The data ::

++++++

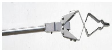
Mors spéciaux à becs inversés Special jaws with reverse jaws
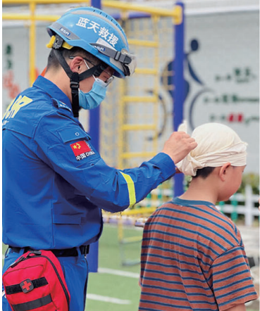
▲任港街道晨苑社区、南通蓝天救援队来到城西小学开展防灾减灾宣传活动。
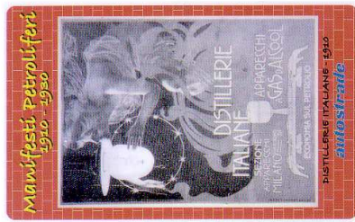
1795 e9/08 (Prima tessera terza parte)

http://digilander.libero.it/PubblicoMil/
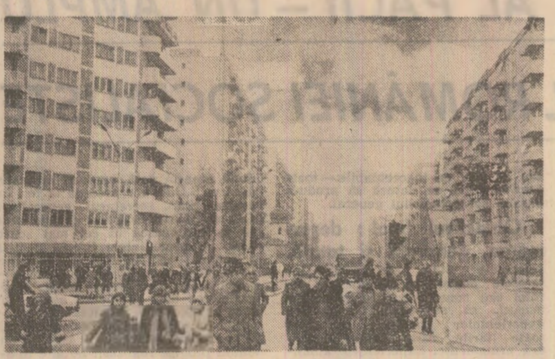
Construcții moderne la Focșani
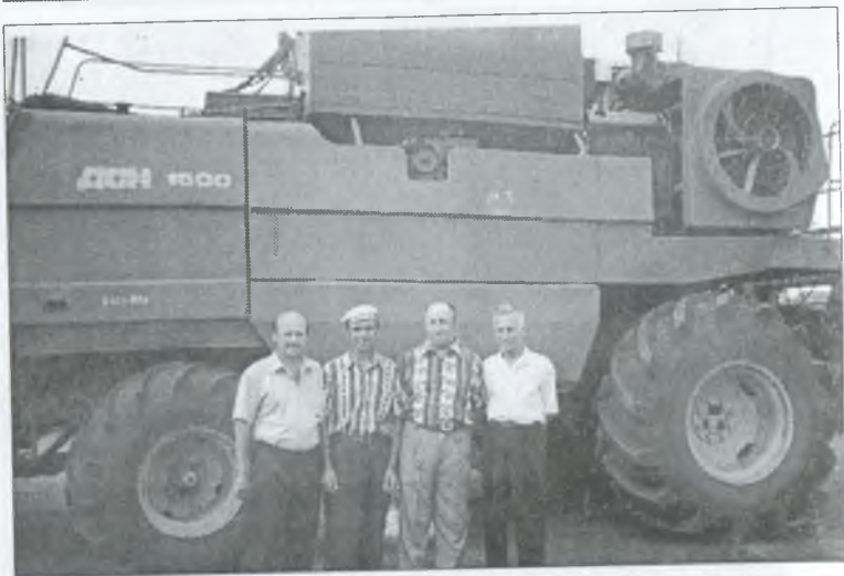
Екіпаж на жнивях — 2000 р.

++++++

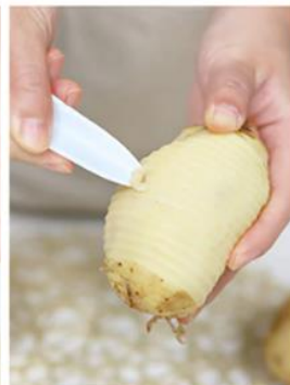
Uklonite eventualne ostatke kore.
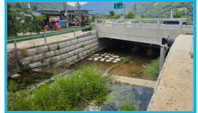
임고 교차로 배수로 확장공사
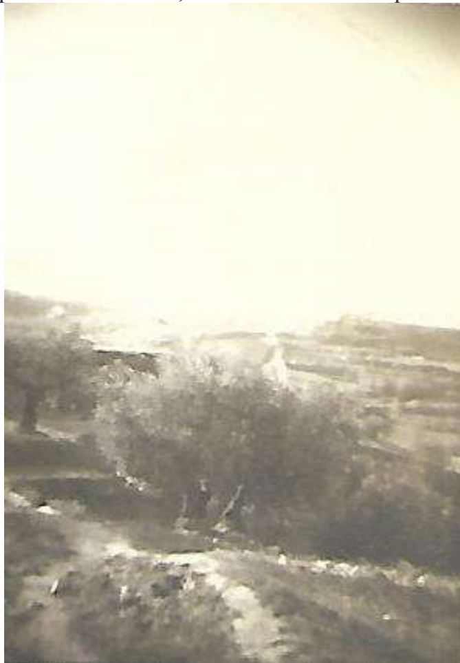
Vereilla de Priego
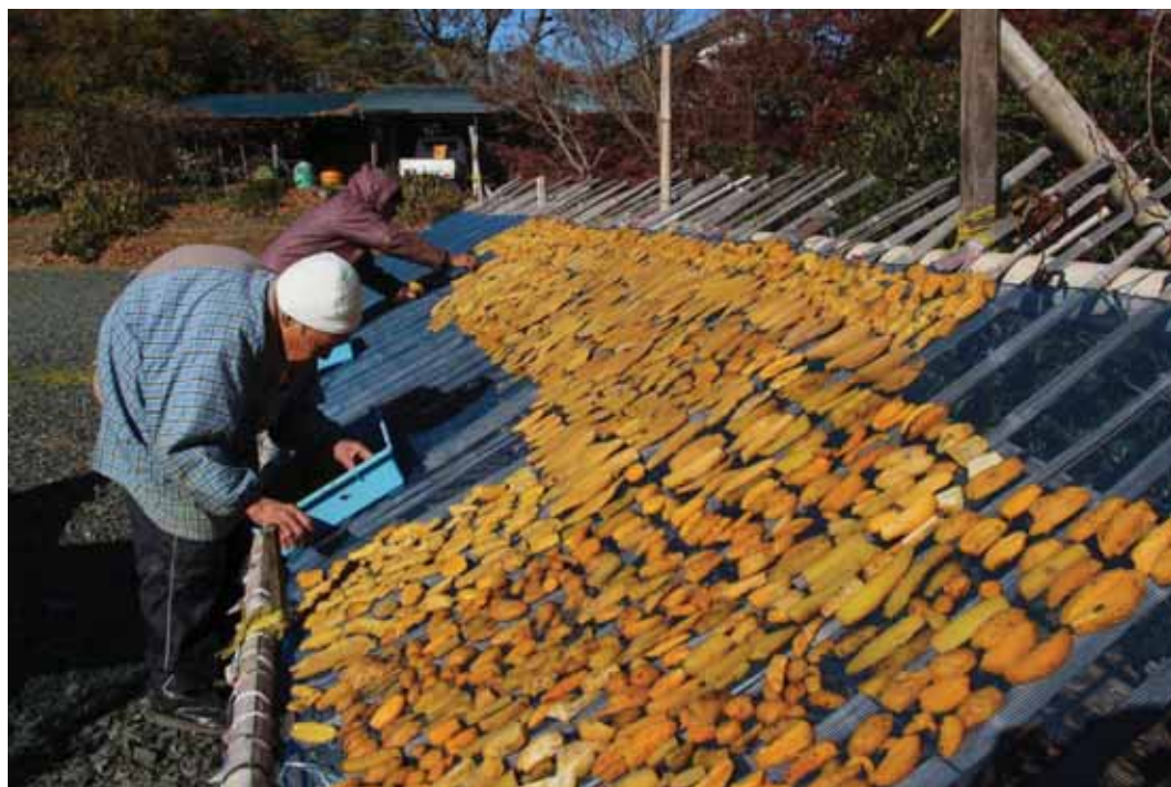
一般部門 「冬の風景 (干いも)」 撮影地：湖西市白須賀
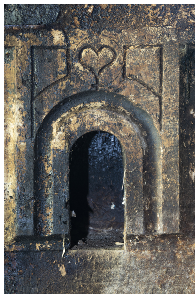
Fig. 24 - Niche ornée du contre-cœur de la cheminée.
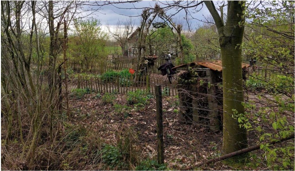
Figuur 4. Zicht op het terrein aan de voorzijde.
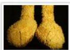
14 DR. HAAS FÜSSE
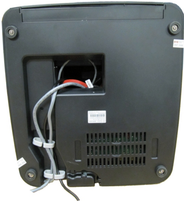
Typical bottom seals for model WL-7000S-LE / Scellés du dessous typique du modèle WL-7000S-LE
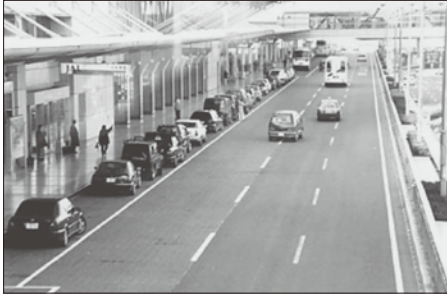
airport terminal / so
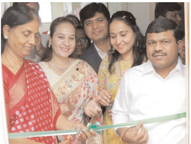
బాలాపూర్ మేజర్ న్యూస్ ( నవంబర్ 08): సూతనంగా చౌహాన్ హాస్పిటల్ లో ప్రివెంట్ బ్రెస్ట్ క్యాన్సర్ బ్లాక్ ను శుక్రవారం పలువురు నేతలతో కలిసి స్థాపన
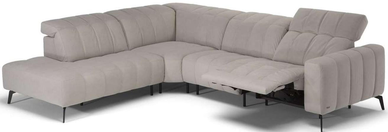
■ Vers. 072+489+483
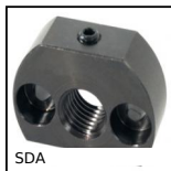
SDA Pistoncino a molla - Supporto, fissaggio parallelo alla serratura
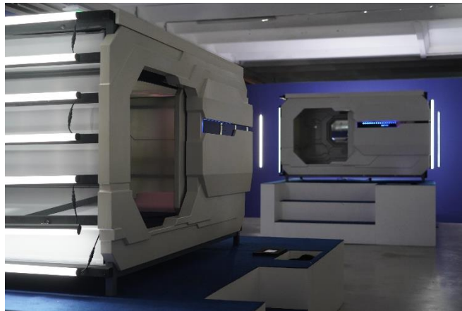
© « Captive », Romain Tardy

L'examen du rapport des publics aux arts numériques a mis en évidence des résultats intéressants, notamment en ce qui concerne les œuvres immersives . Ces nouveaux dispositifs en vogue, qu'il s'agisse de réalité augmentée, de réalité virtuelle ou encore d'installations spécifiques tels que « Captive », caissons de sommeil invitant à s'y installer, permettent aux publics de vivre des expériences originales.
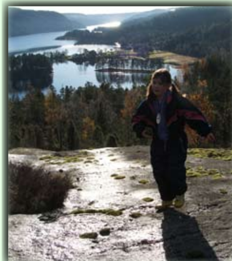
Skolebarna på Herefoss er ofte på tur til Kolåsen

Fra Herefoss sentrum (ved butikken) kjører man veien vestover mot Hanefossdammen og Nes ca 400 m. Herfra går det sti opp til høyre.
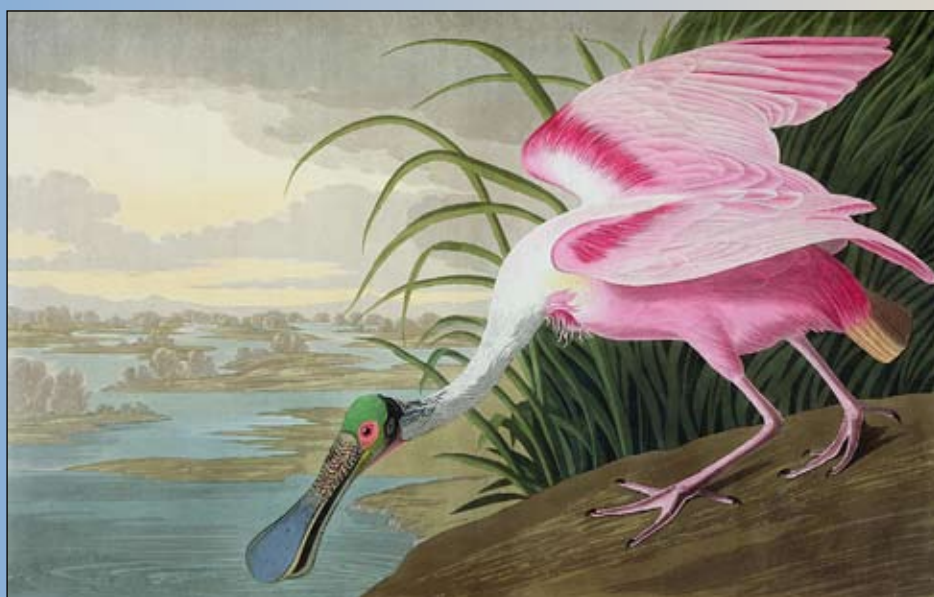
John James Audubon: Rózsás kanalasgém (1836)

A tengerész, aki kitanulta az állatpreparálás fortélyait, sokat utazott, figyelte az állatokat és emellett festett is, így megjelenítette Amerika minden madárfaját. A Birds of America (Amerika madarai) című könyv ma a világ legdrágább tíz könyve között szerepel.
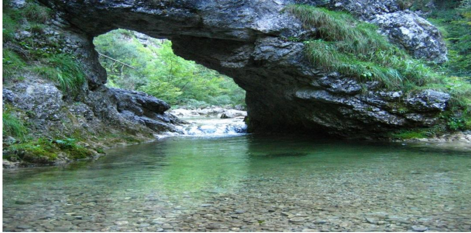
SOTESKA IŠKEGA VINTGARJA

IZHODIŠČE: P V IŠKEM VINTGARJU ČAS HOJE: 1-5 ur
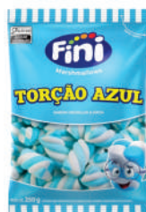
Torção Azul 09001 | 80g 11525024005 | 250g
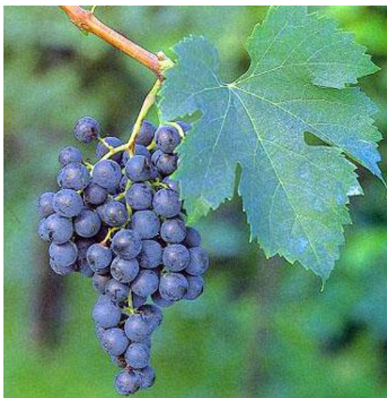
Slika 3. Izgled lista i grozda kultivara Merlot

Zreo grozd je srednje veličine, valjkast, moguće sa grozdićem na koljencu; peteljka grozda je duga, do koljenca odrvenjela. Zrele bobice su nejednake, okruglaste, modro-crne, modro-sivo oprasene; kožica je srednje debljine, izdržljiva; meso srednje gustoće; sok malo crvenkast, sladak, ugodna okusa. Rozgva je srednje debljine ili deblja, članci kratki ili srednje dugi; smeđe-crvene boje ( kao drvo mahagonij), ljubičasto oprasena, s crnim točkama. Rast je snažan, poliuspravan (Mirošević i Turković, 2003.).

++++++

Pull out every line holding "grozda" from the records above, and copy it.

Exercise result ::
Slika 3. Izgled lista i grozda kultivara Merlot
Zreo grozd je srednje veličine, valjkast, moguće sa grozdićem na koljencu; peteljka grozda je duga, do koljenca odrvenjela. Zrele bobice su nejednake, okruglaste, modro-crne, modro-sivo oprasene; kožica je srednje debljine, izdržljiva; meso srednje gustoće; sok malo crvenkast, sladak, ugodna okusa. Rozgva je srednje debljine ili deblja, članci kratki ili srednje dugi; smeđe-crvene boje ( kao drvo mahagonij), ljubičasto oprasena, s crnim točkama. Rast je snažan, poliuspravan (Mirošević i Turković, 2003.).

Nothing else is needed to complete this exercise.